The Endeavour crater is much larger than the Victoria, believed to be roughly 14 miles in diameter. The crater has been one of NASA's top-goals after its Mars Reconnaissance Orbiter detected clay minerals, a discovery that lent credence to the theory that at some point in its history Mars had running water on its surface.
The Endeavour crater garnered further attention when the Opportunity's twin rover "Spirit" stopped transmitting information upon reaching Spirit point in March 2010.
The search for evidence of water on Mars has long been one of NASA's primary goals, with its discovery being viewed as the first step in establishing whether the red planet ever did, or could, sustain life.
"Opportunity's findings and data from the upcoming Mars Science Laboratory will play a key role in making possible future human missions to Mars and other places where humans have not yet been," commented NASA Administrator Charles Bolden.

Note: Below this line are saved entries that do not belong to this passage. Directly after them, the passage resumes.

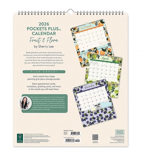 Plan your year with colour and creativity using the 2026 Orange Circle Wall Calendar Pocket Plus – Fruit & Flora.
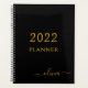 2022 Black Gold Girly Script Monogram Name Modern Planer
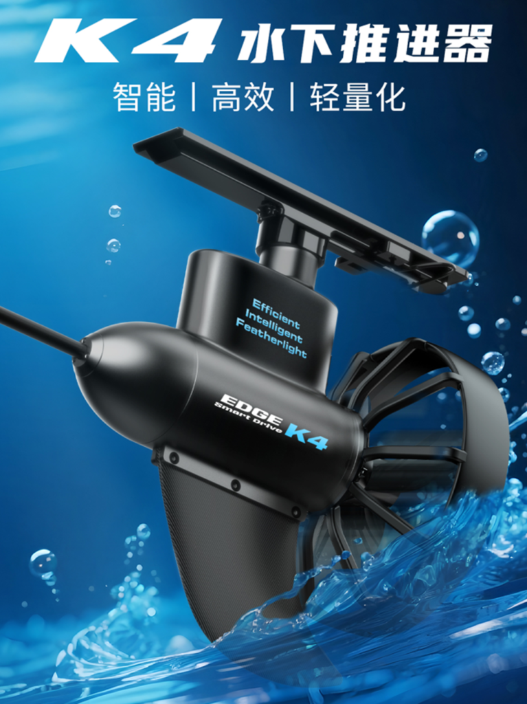 该系列集成推进系统,专为桨板、皮划艇、钓鱼艇等非机动与轻型船只设计。以明星产品K4水下推进器为例,其具备以下核心特点:
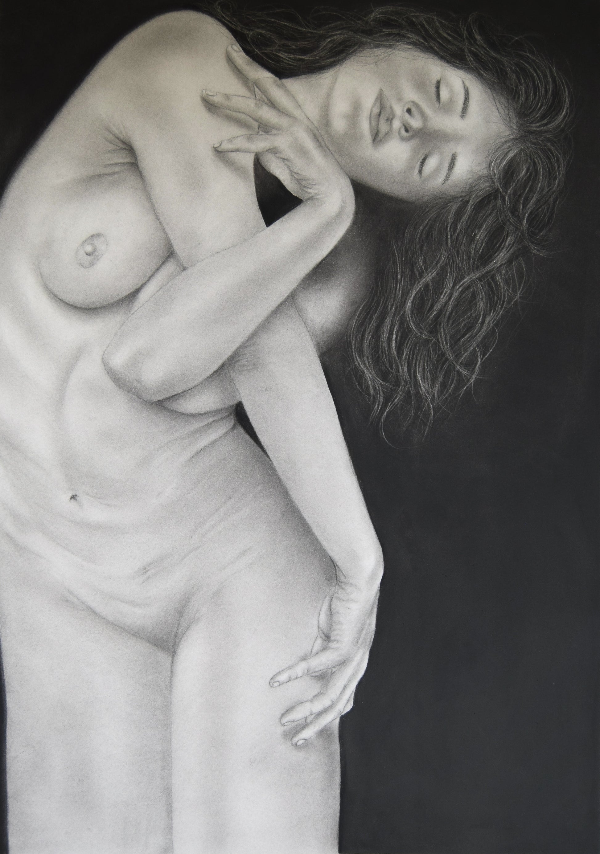 In this drawing, a moment of intimate vulnerability and self-embrace is captured, where the model leans on herself as both refuge and strength. Her closed eyes and serene expression suggest a deep surrender to inner peace, symbolizing resilience, self-love, and the quiet power of solitude. “Lean on me, My soul” speaks to the idea that, in the end, we are our own sanctuary.
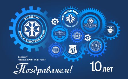 Торговое унитарное предприятие «ТОРГОВАЯ КОМПАНИЯ «МИНСК КРИСТАЛЛ ТРЕЙД» от всей души поздравляет холдинг «МИНСК КРИСТАЛЛ ГРУПП» с юбилеем – с десятилетием успешной работы!
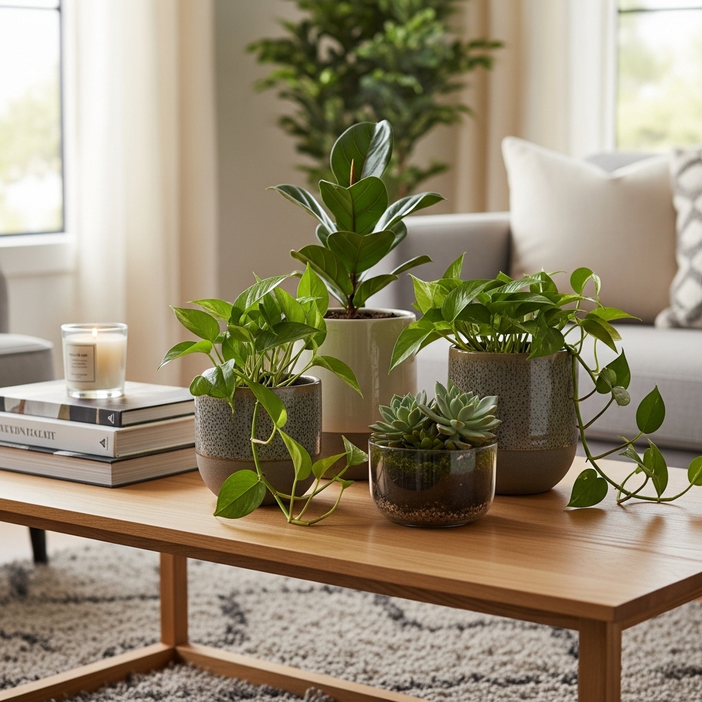 This works because greenery introduces life and movement, softening the hard lines of furniture. It creates a natural focal point without overwhelming the space.
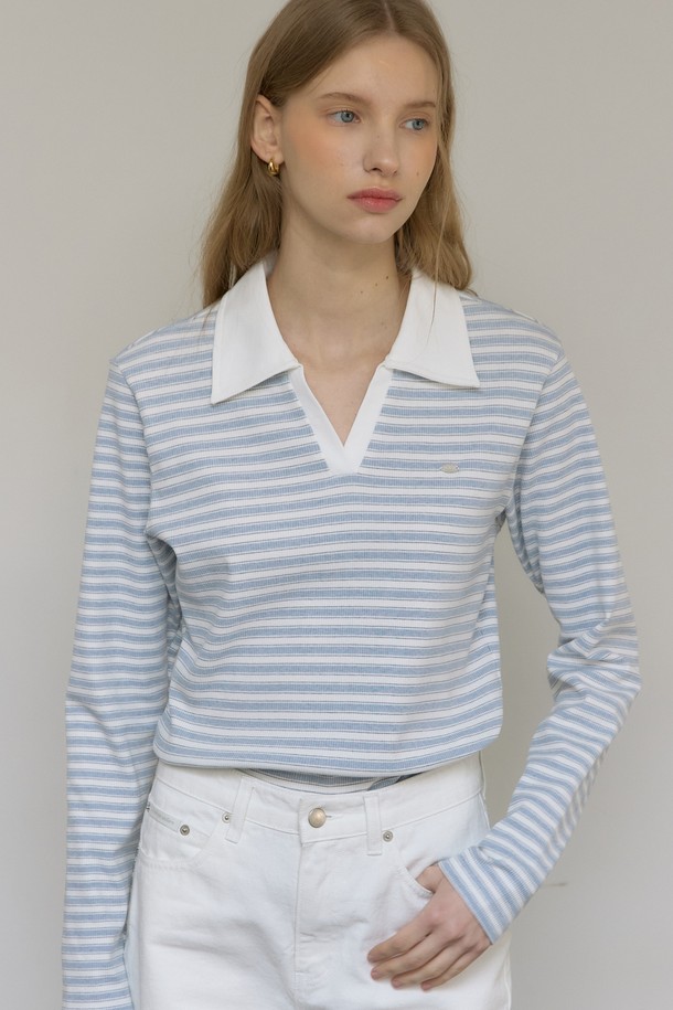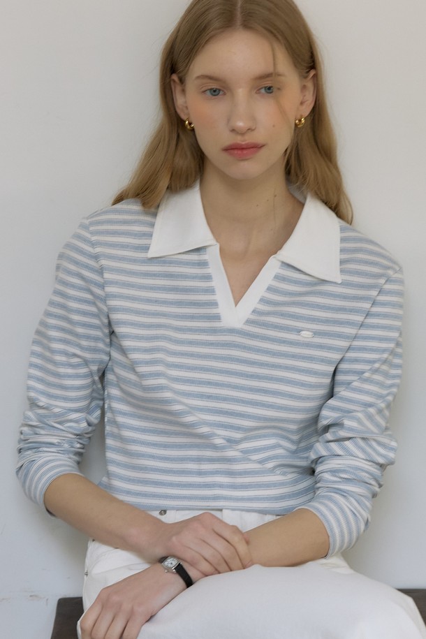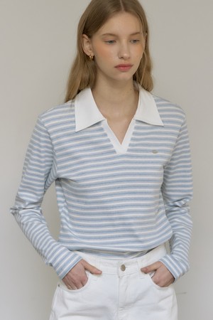 스트라이프 오픈 카라 롱 슬리브 티셔츠 - Sky Blue
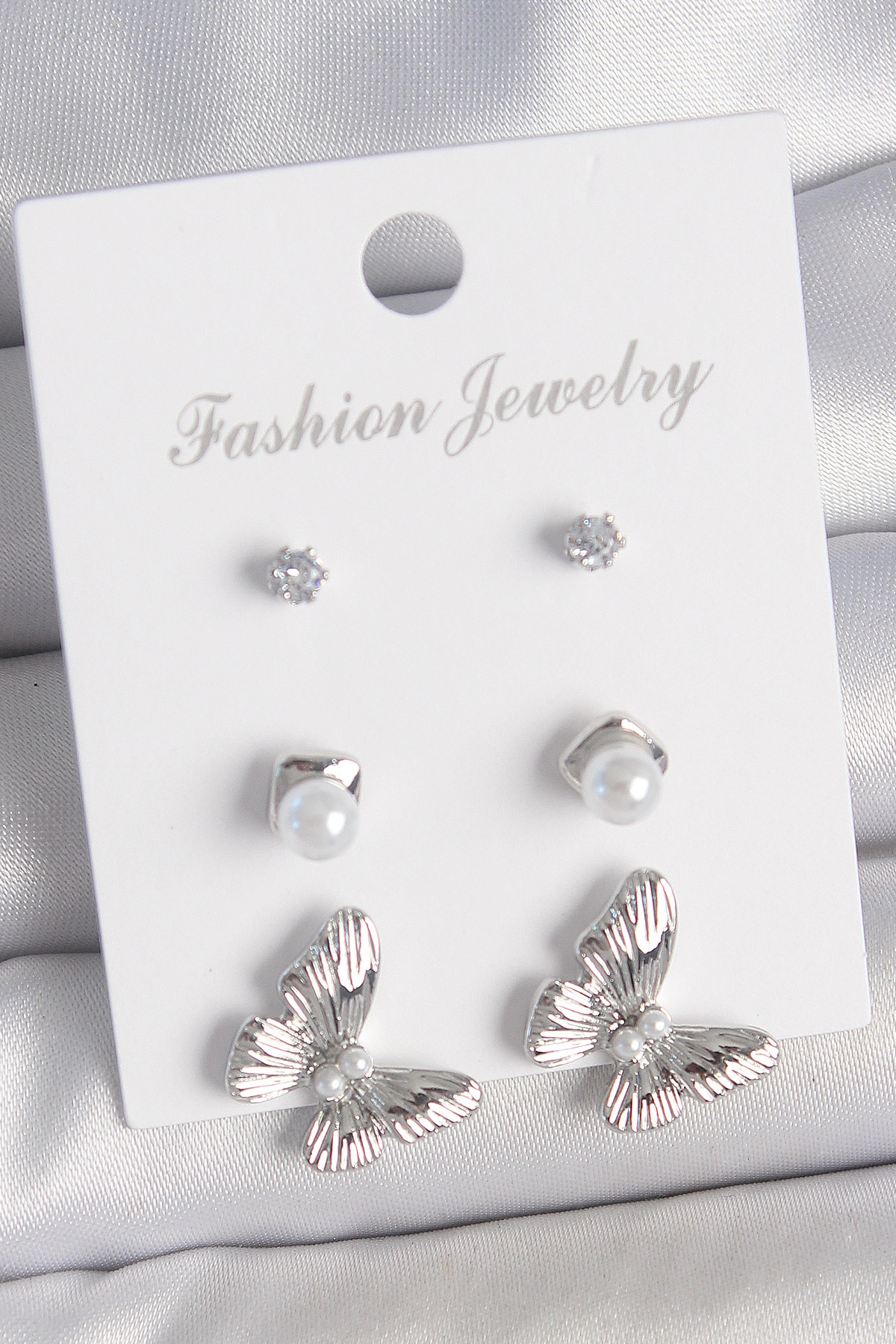 Pirinç Gümüş Renk Zirkon Taşlı İnci Detaylı Kelebek Model 3 Çift Kadın Küpe Seti
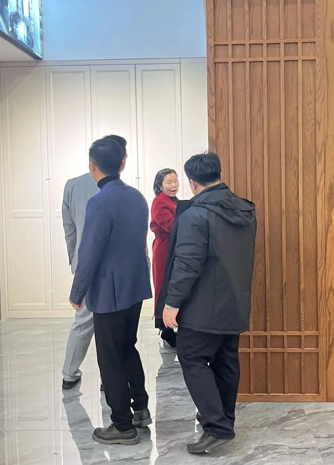 走进黄鹏的《爱瑞德整家定制》展厅,从客厅到卧室的沉浸式样板展示让大家眼前一亮,成员们纷纷询问设计周期、材料环保标准等问题,黄鹏一一耐心解答,还分享了几个因个性化设计赢得客户好评的案例。
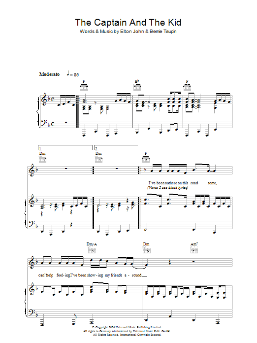 Download or print Elton John The Captain And The Kid sheet music, chords and digital score arranged for Guitar Chords/Lyrics. This Pop score includes 3 page(s).
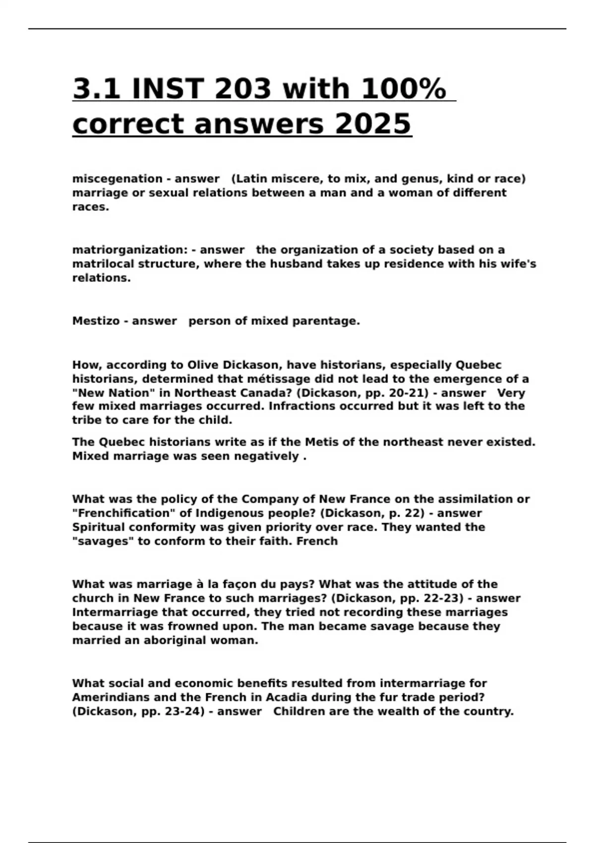 church in New France to such marriages? (Dickason, pp. 22-23) - answer

The Opportunity's arrival at the Endeavour crater adds to previous discoveries indicating the existence of water on Mars. Most recently NASA's Mars Reconnaissance Orbiter discovered evidence that warm, salty water may flow across Mars during its warmest months.
The Orbiter made the discovery after capturing video footage of "finger-like" formations and features running down a number of Martian peaks.
Video footage of the Opportunity's journey is expected later in the year.